To find the x-intercept, set \(y=0\) in the equation and solve for \(x\). By substituting \(y=0\), we get \(0 = \sqrt{1 - x}\). Squaring both sides, we have 0 = \(1 - x\), which simplifies to \(x = 1\). Thus the x-intercept is (1,0).\nTo find the y-intercept, set \(x=0\) in the equation and solve for \(y\). Substituting \(x=0\) we get \(y = \sqrt{1}\), which simplifies to \(y = 1\). Thus, the y-intercept is (0,1).

Check for symmetry by substituting \(-x\) for \(x\) and \(-y\) for \(y\). Thus, the equation becomes: \(-y = \sqrt{1 - (-x)}\). Squaring both sides results in \(y^2 = 1 + x\), which is not equivalent to the original equation, so the graph is not symmetric about the y-axis. Substitute \(x\) for \(-x\) and \(y\) for \(-y\) in the original equation, the equation becomes: \(-y = \sqrt{1 - x}\), which also doesn't match the original equation, so the graph is not symmetric about the x-axis.

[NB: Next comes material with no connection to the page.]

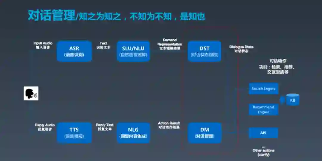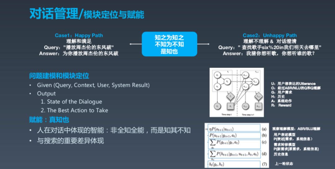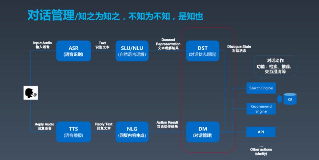 NLU 之后还有一个很重要的对话管理部分,从抽象逻辑上来看就是理解之后,做动作之前还需要做一些事。第一,了解系统的状态;第二,根据现在的状态选择最好的动作。所以,对话管理下的副标题叫“知之为知之,不知为不知,是知也”,意思就是你知道就知道,不知道别瞎说。这很重要,对话智能需要真正做到这一点,不要不懂装懂。

Hence, there is no symmetry with respect to x and y.

Having identified the intercepts and symmetry, one can now sketch the graph. The graph will start at point (1,0) on the x-axis and gradually ascend as \(x\) decreases until it reaches its highest point at the y-intercept, (0,1). The right side of the graph isn't defined for \(x > 1\) because you can't take the square root of a negative number, so there's only the left half of the graph.